Medical decision-making relies heavily on the value attached to a specific health state by patients, health care professionals or the general public. Risky procedures are usually undertaken in order to obtain relief from very poor health states. However, the assessment of risk and the value of potential benefits are not usually made explicit and are difficult to communicate. Medical students might have a different perception of health and therefore value health states differently compared to the general population.

In this study we describe how medical students value hypothetical health states in comparison to the general population. In the valuation process the future doctors had to take on a different perspective on health, namely the side of someone who is actually suffering and in need for help. The students were confronted with the question of "how would I feel and how would I decide about medical interventions if I were in a particular health state".

The comparison of our data on health state valuation by medical students with the results for the general population [12] showed significant differences for 3 of 10 health states including one mild, one moderate and one severe health state, in other words every third health state is valued differently independent of the level of severity of the health state. Overall the results show that if medical students value health states differently, they value them higher than the general population. However, on the basis of our data we can not attribute these differences only due to experiences and gained knowledge of the students during first year in medical school. Socioeconomic background or high level of education are potential confounding variables as medical students are a highly selected group.

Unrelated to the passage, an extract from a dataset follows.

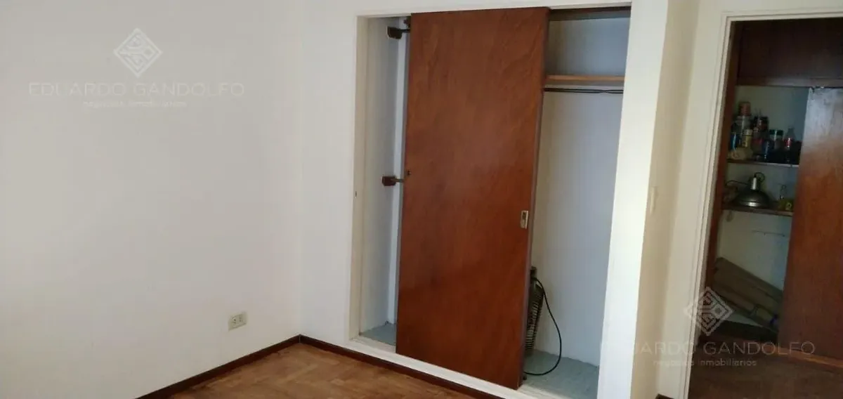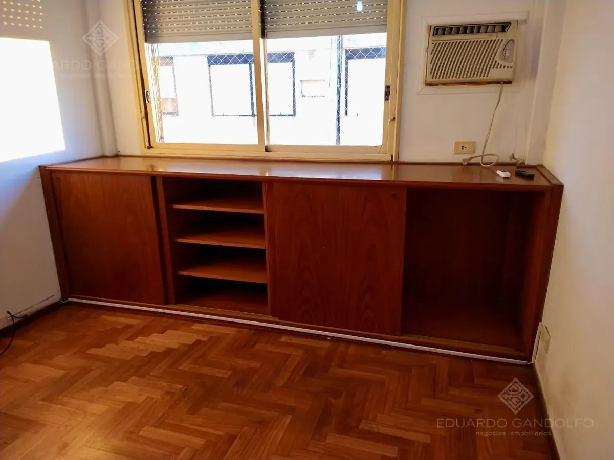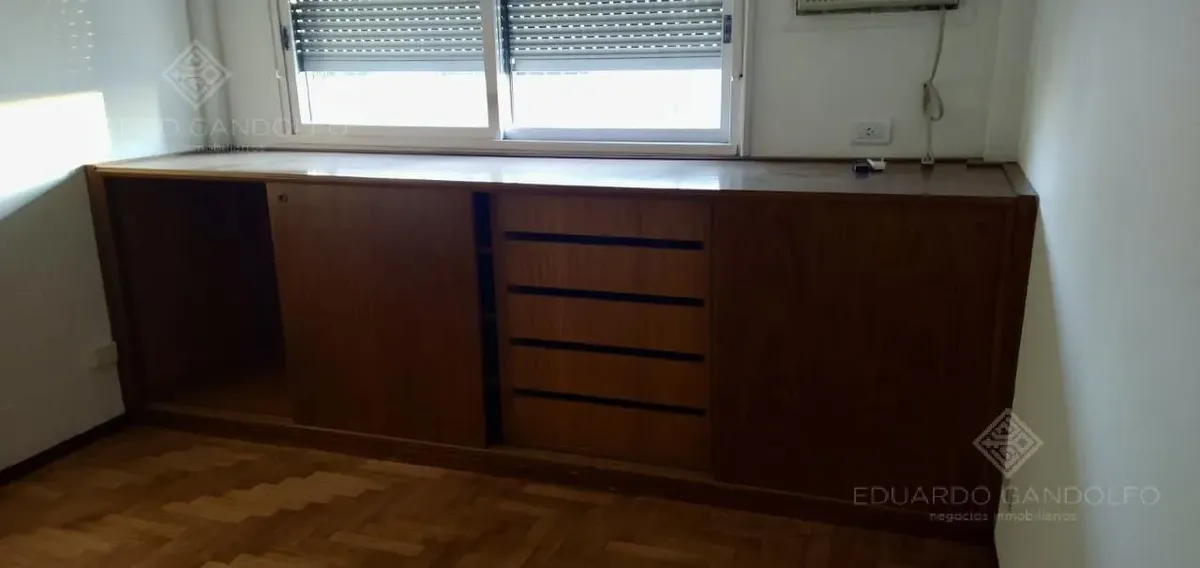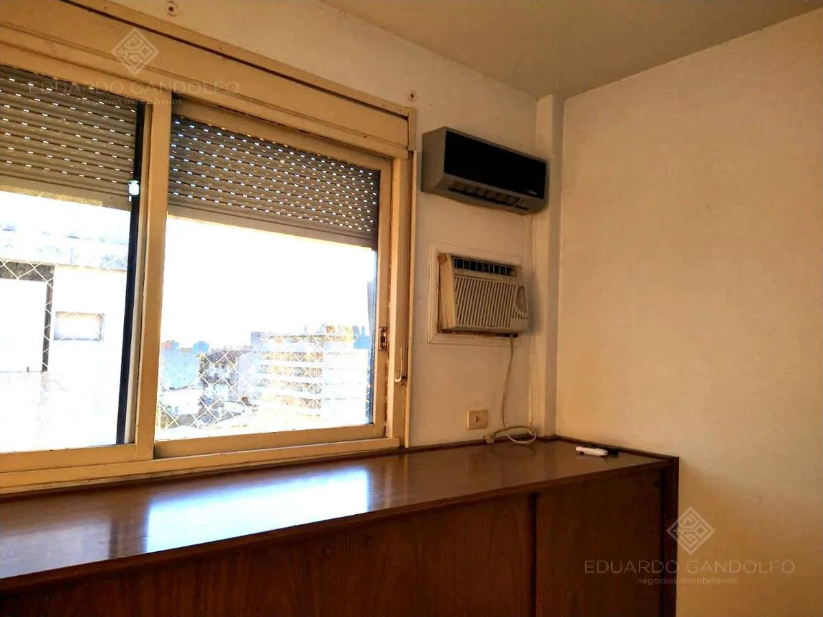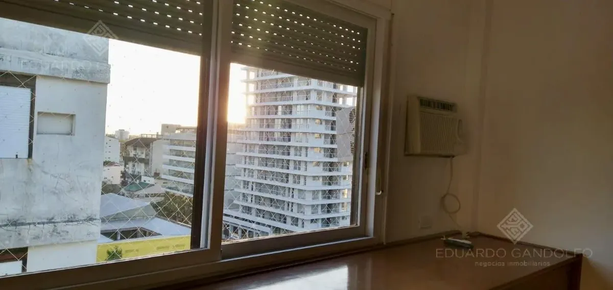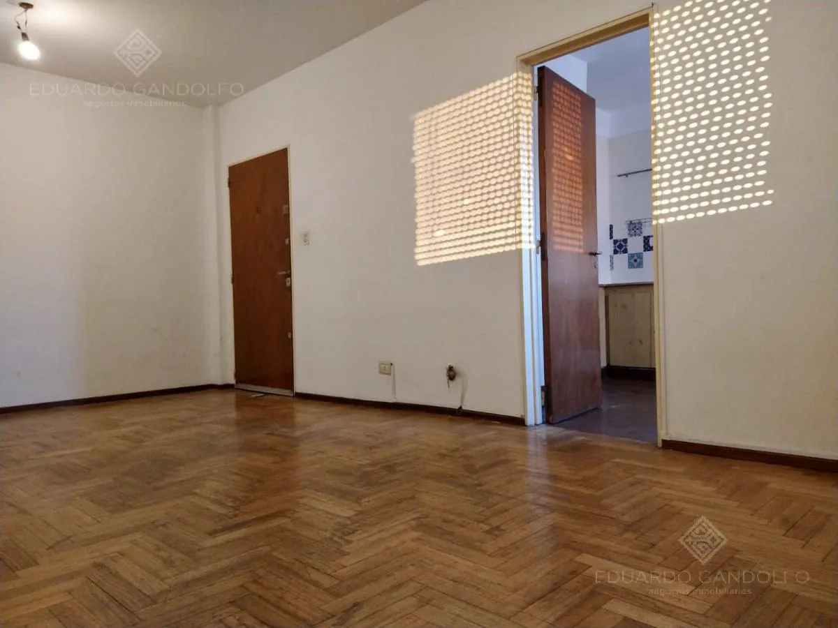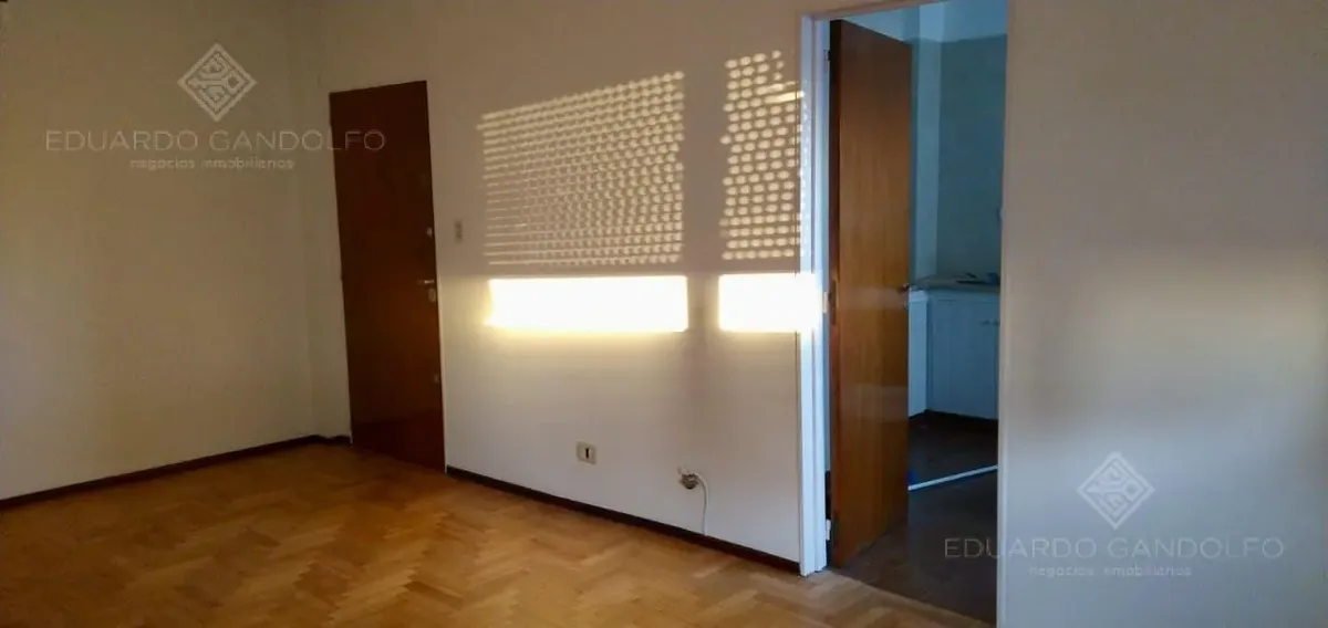 Two-room apartment with 1 bedroom in Vicente López, located on Avenida Maipú near Av. San Martín. Situated on the 8th and top floor of the second building section, with open west-facing views and access via stairs to the terrace; the building has 2 units per floor per section and a total of 4 covered parking spaces, with this unit assigned 1 space. Living-dining area, distribution hall to a bedroom with a built-in wardrobe, full bathroom, and an eat-in kitchen with a built-in laundry area; wood

Medical students rated their own health as very good with no significant differences to the general population aged 20–30 [11] on the EQ-5D VAS. In regard to the single EQ-5D areas, medical students report significantly more problems concerning pain/discomfort and anxiety/depression compared to the general population aged 20–30. These results are partly supported by previous findings of a higher prevalence for anxiety and depression in medical students [14, 15] and a deterioration in vitality and increased difficulty carrying out daily activities because of physical or emotional problems over a 10 months period of medical students in their final year [16].

Conclusion

Based on our results we can conclude that medical students have the tendency to value health states higher than the general public. Medical professionals should be continuously aware that their assessment of a particular health state can differ from the valuations of the general population. Therefore it is important to collect patients individual assessment of their own health status and to integrate this value in the decision making process by means of standard HRQL instruments.

Futures studies should investigate the change of health states valuations of health care professionals over the period of their medical training.